Con muchos de estos catalizadores ya incorporados en el precio, Bitcoin ya no parece una inversión atractiva para los inversores orientados al crecimiento. Sin embargo, la estabilización de Bitcoin podría impulsar su evolución hacia un valor refugio como el oro y la plata este año.
A menudo se denomina a Bitcoin «oro digital» porque se extrae con chips personalizados potentes utilizando el mecanismo de prueba de trabajo (PoW), que consume mucha energía. Casi 20 millones de sus 21 millones de tokens ya se han extraído, y sus halvings programados cada cuatro años dificultan cada vez más la extracción rentable del token.
Esta escasez lo hace más similar a un activo tangible que a otras criptomonedas más pequeñas, y podría convertirse en una valiosa cobertura contra la inflación o la devaluación de las monedas fiduciarias.

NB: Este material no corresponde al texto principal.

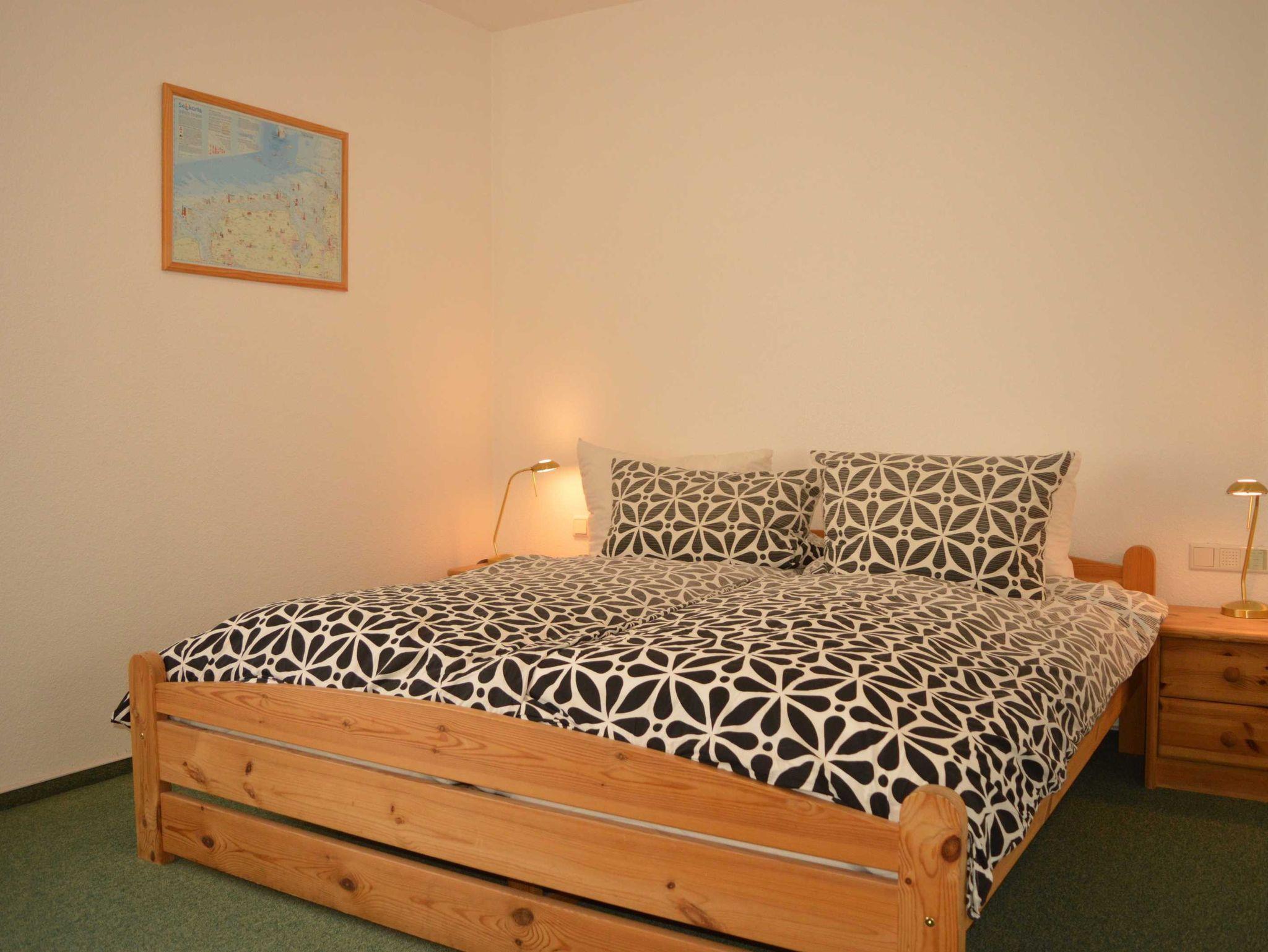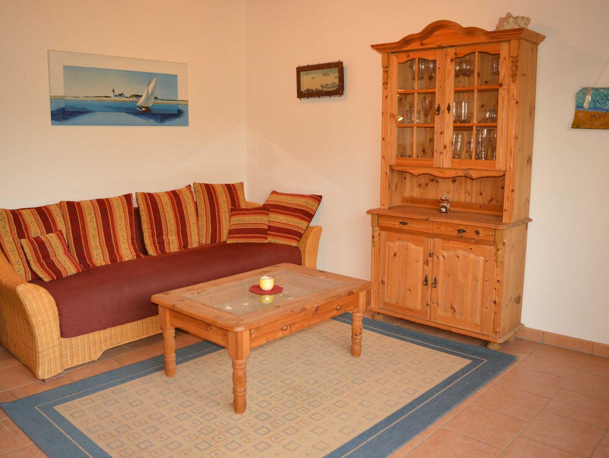 Das ebenerdige Ferienhaus Köhne verfügt über zwei Schlafzimmer, davon ein Schlafzimmer mit Doppelbett und ein Schlafzimmer mit einem Etagenbett sowie einem Einzelbett. Das Wohnzimmer mit offener vollausgestatteter Küche verfügt über einen direkten Zugang auf die Terrasse und den anschließenden Garten. Das Badezimmer verfügt über eine Dusche und ein WC. Zum Haus gehört eine Garage.

Por lo tanto, si la Fed continúa recortando los tipos de interés y debilitando el dólar estadounidense, más inversores institucionales podrían aumentar su exposición a Bitcoin a través de sus ETFs con precio al contado.
Estos inversores más grandes podrían acumular mucho más Bitcoin que los inversores minoristas más pequeños, reduciendo así la volatilidad general del token y convirtiéndolo en una inversión más estable. A medida que esto suceda, más países podrían crear sus propias reservas de Bitcoin o adoptarlo como moneda de curso legal.
El precio de Bitcoin ya ha aumentado alrededor de un 23.360% en la última década, pero sus ganancias anuales se han ralentizado en los últimos años a medida que se ha reconocido más ampliamente como una criptomoneda «blue chip» estable. Los inversores no deben esperar que se dispare en los próximos 12 meses, pero debería aumentar gradualmente a medida que mejoren las condiciones macroeconómicas y se estabilicen sus ETFs con precio al contado.